Green Egg is a Neopagan magazine published by the Church of All Worlds intermittently since 1968. The Encyclopedia of American Religions described it as a significant periodical.

Green Egg was created by Oberon Zell-Ravenheart, who was the editor from 1968 to 1974. It started as a one-page ditto sheet. It continued under another editor for two more years, by which point it had grown over 80 issues into a 60-page journal. According to J. Gordon Melton in the Encyclopedia of American Religions, it became "the most significant periodical in the Pagan movement during the 1970s and made Oberon Zell-Ravenheart, its editor, a major force in Neo-Paganism". It became dormant in 1976.

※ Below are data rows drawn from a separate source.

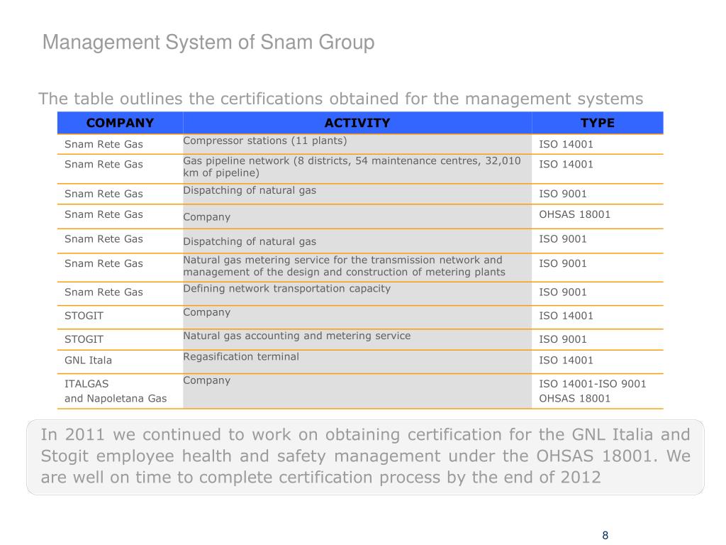 In 2011 we continued to work on obtaining certification for the GNL Italia and Stogit employee health and safety management under the OHSAS 18001. We are well on time to complete certification process by the end of 2012 Management System of Snam Group The table outlines the certifications obtained for the management systems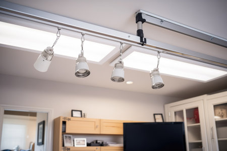 Close-up of a sleek track lighting system with four spotlights on a white ceiling.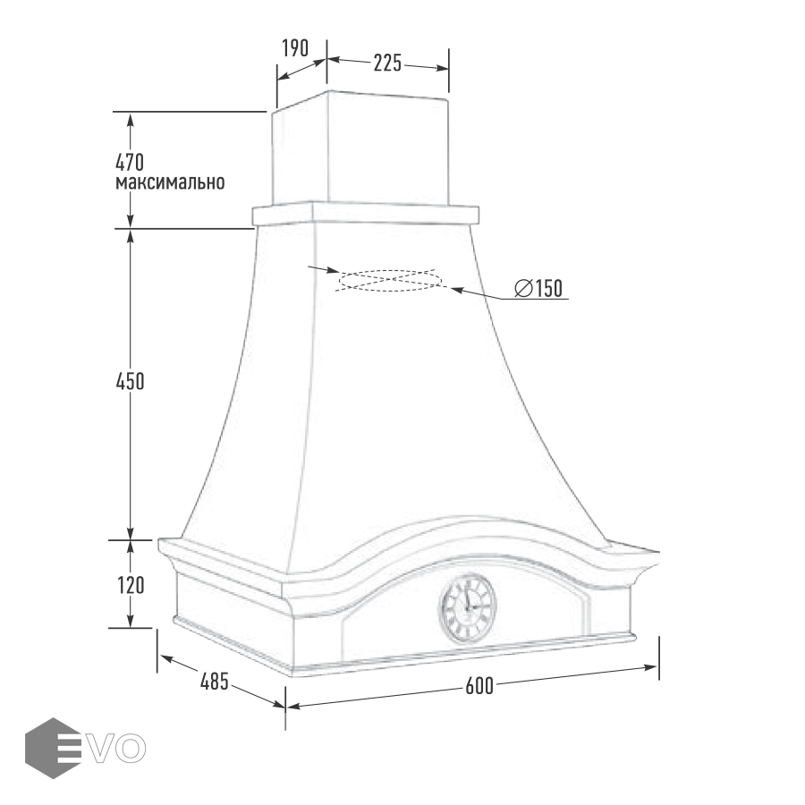 • Диаметр воздуховода, мм: 150

Margot Adler's sociological study Drawing Down the Moon: Witches, Druids, Goddess-Worshippers, and Other Pagans in America Today was first published in 1979, shortly after the first incarnation of Green Egg ceased. (Adler's work was revised and updated in 1986, 1996, and 2006.) Adler used Green Egg as one of the main ways of distributing her survey, and received hundreds of responses from its readers. Drawing Down the Moon repeatedly refers to Green Egg as formative in modern American Paganism. "It took a catalyst to create a sense of collectivity around the word Pagan, and in the United States the Church of All Worlds and its Green Egg filled this role." The magazine created a communication network (in pre-internet days) among the many earth religions that were coming into being. Adler was impressed by the "free-ranging and diverse" views found in its pages, commenting that, "There was less common ground assumed in Green Egg than in any other publication I had ever seen." It was highly synergystic, bringing together hundreds of groups and ideas for debate in print, covering subjects relating to "ecology, ethics, tribalism, magic, science fiction, and the relationship of human beings to the planet". Adler reports that some Pagans told her in the late 1970s that they were glad of its demise, because there would be less bickering between various factions. She, however, judged it "key to the movement's vitality."